YOUR OBJECTIVE >> Omit the pictures and return exactly the stretch of the material below from the line with "Su detalle más" through the line with "粘着タイプなので窓全体への貼り付けが簡単!".

INPUT RECORDS >>
>>>

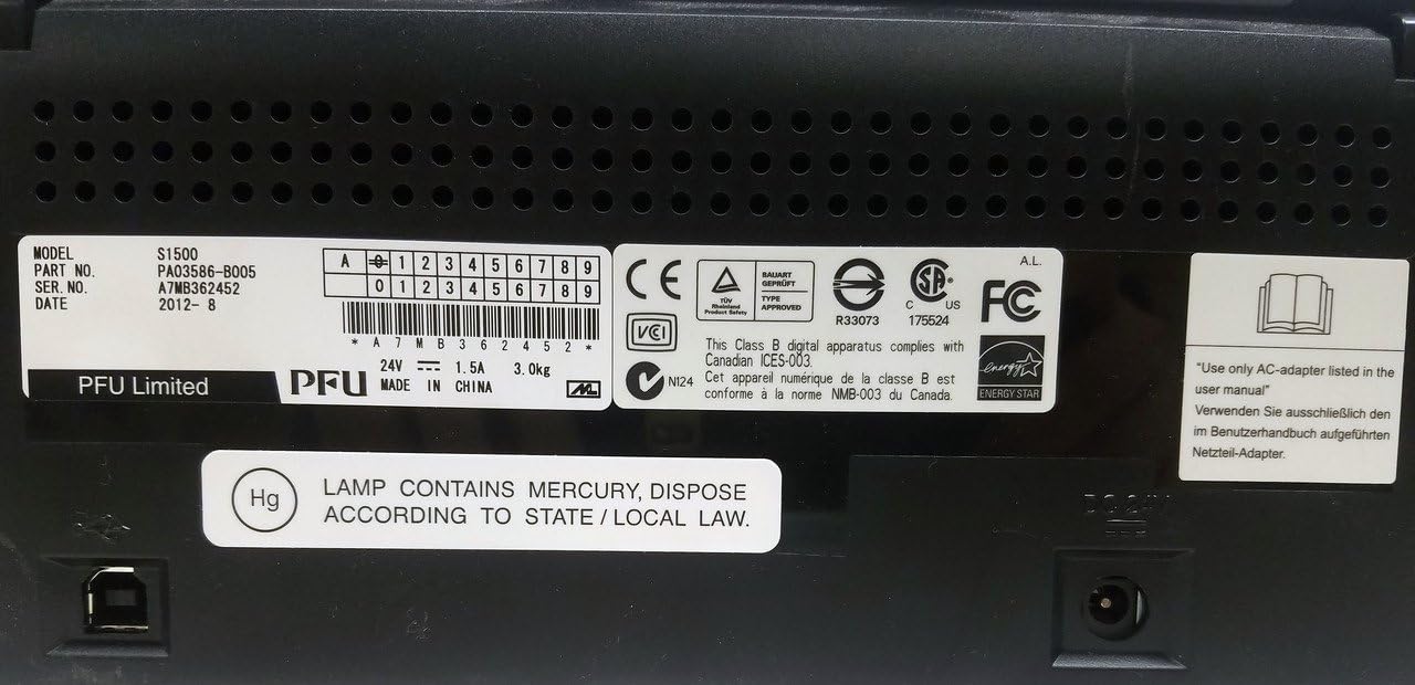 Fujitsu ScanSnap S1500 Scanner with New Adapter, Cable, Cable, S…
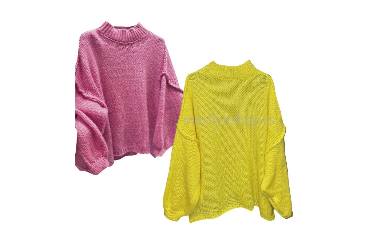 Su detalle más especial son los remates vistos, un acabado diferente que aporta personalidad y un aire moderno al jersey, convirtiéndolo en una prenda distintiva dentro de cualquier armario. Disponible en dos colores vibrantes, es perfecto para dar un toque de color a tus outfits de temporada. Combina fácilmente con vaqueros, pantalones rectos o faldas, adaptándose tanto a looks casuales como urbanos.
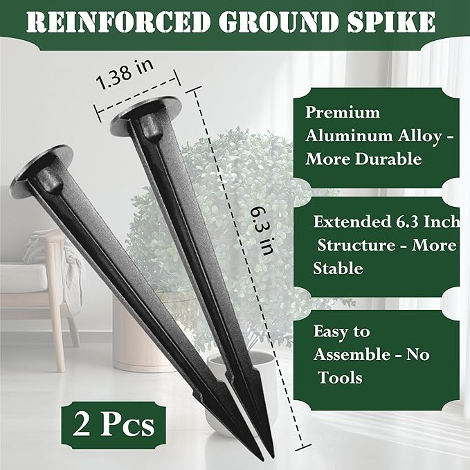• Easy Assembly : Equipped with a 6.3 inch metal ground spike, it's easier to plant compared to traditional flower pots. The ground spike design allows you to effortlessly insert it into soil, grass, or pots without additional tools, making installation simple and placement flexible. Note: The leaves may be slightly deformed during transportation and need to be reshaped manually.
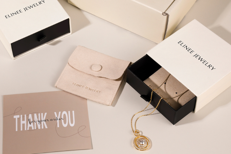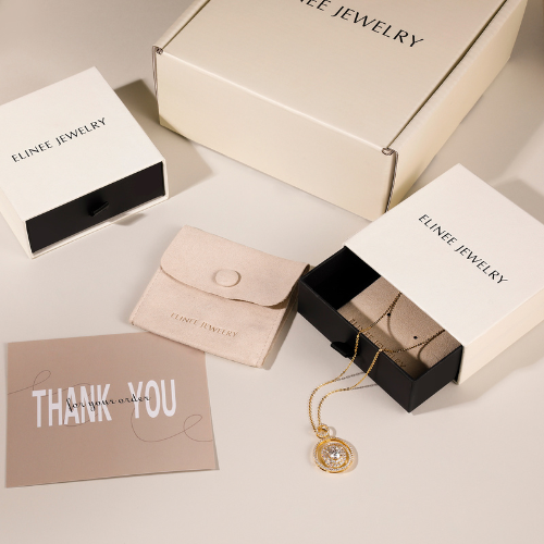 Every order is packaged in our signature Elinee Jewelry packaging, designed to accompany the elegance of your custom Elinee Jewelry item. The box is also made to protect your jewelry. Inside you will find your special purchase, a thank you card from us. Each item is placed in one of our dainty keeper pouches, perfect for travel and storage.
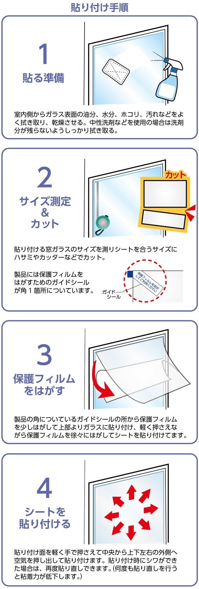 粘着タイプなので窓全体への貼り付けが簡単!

<<<
>>>

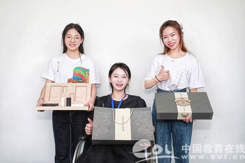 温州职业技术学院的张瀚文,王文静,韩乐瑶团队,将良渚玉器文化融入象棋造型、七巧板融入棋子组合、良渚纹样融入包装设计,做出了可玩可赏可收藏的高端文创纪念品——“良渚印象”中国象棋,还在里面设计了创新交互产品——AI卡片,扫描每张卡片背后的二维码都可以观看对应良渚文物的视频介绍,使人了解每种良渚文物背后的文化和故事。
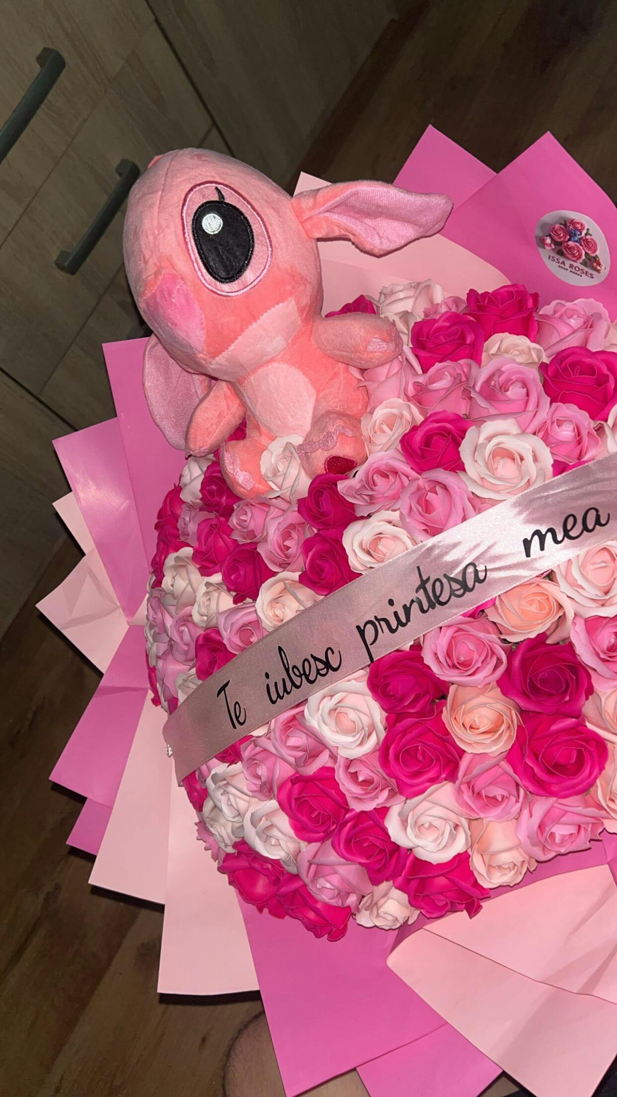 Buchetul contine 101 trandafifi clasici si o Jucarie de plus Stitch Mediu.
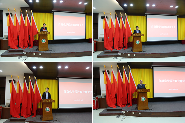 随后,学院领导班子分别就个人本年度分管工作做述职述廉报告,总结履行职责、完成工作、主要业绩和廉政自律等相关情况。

<<<
>>>

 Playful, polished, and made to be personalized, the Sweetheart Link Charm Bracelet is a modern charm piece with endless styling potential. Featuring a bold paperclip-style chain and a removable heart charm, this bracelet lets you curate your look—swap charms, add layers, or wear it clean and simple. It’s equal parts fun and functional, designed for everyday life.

<<<

EXERCISE RESULT >>
 Su detalle más especial son los remates vistos, un acabado diferente que aporta personalidad y un aire moderno al jersey, convirtiéndolo en una prenda distintiva dentro de cualquier armario. Disponible en dos colores vibrantes, es perfecto para dar un toque de color a tus outfits de temporada. Combina fácilmente con vaqueros, pantalones rectos o faldas, adaptándose tanto a looks casuales como urbanos.
• Easy Assembly : Equipped with a 6.3 inch metal ground spike, it's easier to plant compared to traditional flower pots. The ground spike design allows you to effortlessly insert it into soil, grass, or pots without additional tools, making installation simple and placement flexible. Note: The leaves may be slightly deformed during transportation and need to be reshaped manually.
 Every order is packaged in our signature Elinee Jewelry packaging, designed to accompany the elegance of your custom Elinee Jewelry item. The box is also made to protect your jewelry. Inside you will find your special purchase, a thank you card from us. Each item is placed in one of our dainty keeper pouches, perfect for travel and storage.
 粘着タイプなので窓全体への貼り付けが簡単!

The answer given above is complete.